*REQUIREMENT*: All lines from the beginning of the listing through the line with "La Asociación del" are to be copied word for word; the pictures are not.
=-=-=
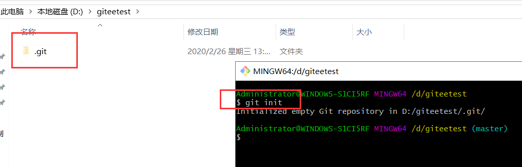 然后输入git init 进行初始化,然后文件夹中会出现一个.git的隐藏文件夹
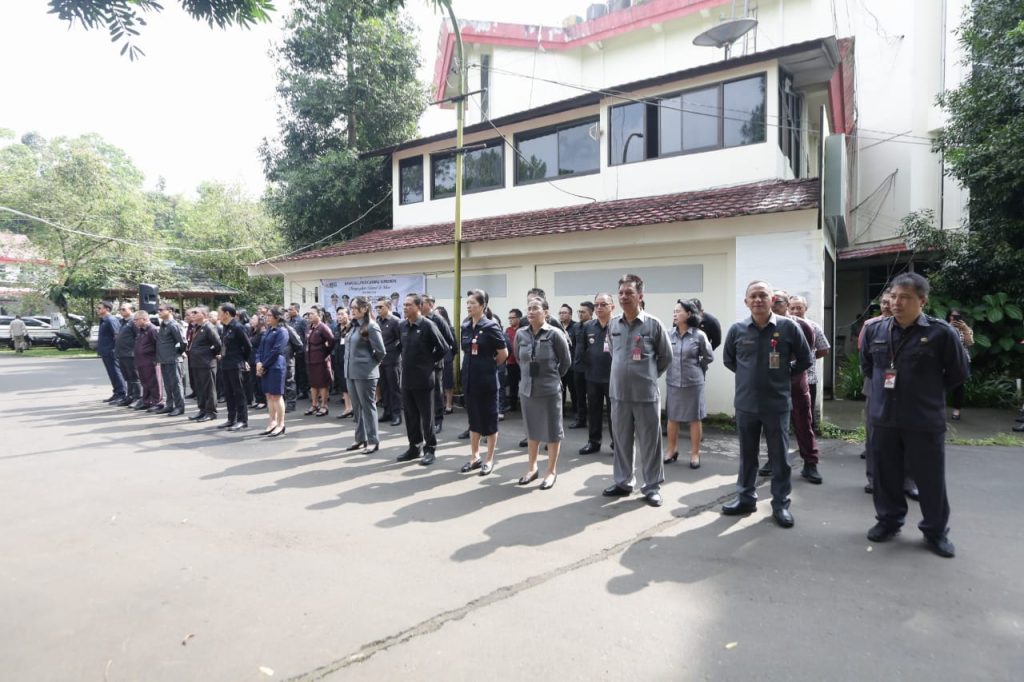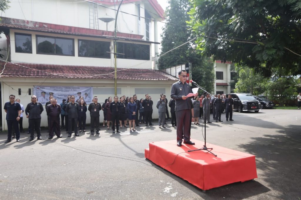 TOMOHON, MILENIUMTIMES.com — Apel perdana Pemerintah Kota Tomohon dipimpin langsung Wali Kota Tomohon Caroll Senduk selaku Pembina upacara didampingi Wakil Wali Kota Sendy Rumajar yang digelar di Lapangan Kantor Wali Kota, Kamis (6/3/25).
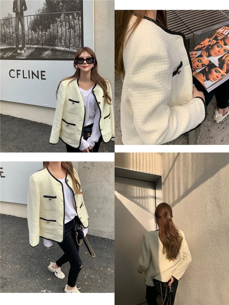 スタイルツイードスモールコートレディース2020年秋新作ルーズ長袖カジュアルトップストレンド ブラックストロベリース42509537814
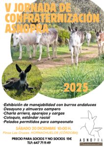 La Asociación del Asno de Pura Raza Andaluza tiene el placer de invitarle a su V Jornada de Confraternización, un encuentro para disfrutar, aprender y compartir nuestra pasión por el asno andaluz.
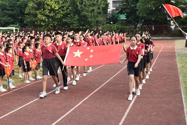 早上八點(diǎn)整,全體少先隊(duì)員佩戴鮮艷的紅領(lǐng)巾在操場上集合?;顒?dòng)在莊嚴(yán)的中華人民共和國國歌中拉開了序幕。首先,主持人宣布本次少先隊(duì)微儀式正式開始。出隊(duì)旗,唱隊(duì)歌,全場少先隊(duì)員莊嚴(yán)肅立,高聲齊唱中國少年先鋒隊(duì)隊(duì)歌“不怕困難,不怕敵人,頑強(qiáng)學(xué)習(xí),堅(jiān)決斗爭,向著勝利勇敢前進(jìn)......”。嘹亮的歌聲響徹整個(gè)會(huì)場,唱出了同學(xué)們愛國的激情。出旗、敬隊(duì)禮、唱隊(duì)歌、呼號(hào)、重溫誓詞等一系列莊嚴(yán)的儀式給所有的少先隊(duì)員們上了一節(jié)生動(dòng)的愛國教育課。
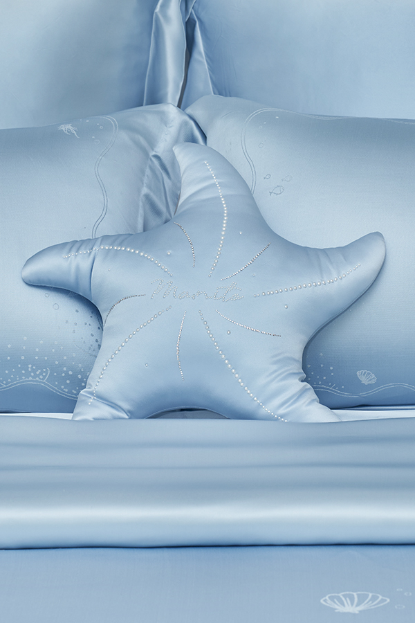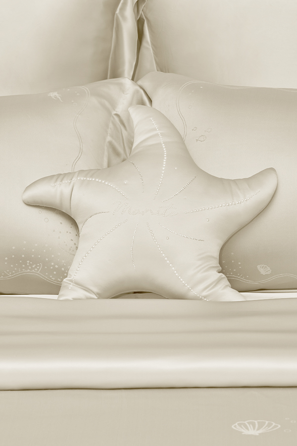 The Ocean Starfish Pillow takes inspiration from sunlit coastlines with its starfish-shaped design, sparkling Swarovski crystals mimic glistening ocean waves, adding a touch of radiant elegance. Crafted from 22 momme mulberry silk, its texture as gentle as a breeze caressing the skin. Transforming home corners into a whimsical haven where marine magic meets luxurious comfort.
=-=-=
*ANSWER FOR THE TASK*:
 然后输入git init 进行初始化,然后文件夹中会出现一个.git的隐藏文件夹
 TOMOHON, MILENIUMTIMES.com — Apel perdana Pemerintah Kota Tomohon dipimpin langsung Wali Kota Tomohon Caroll Senduk selaku Pembina upacara didampingi Wakil Wali Kota Sendy Rumajar yang digelar di Lapangan Kantor Wali Kota, Kamis (6/3/25).
 スタイルツイードスモールコートレディース2020年秋新作ルーズ長袖カジュアルトップストレンド ブラックストロベリース42509537814
 La Asociación del Asno de Pura Raza Andaluza tiene el placer de invitarle a su V Jornada de Confraternización, un encuentro para disfrutar, aprender y compartir nuestra pasión por el asno andaluz.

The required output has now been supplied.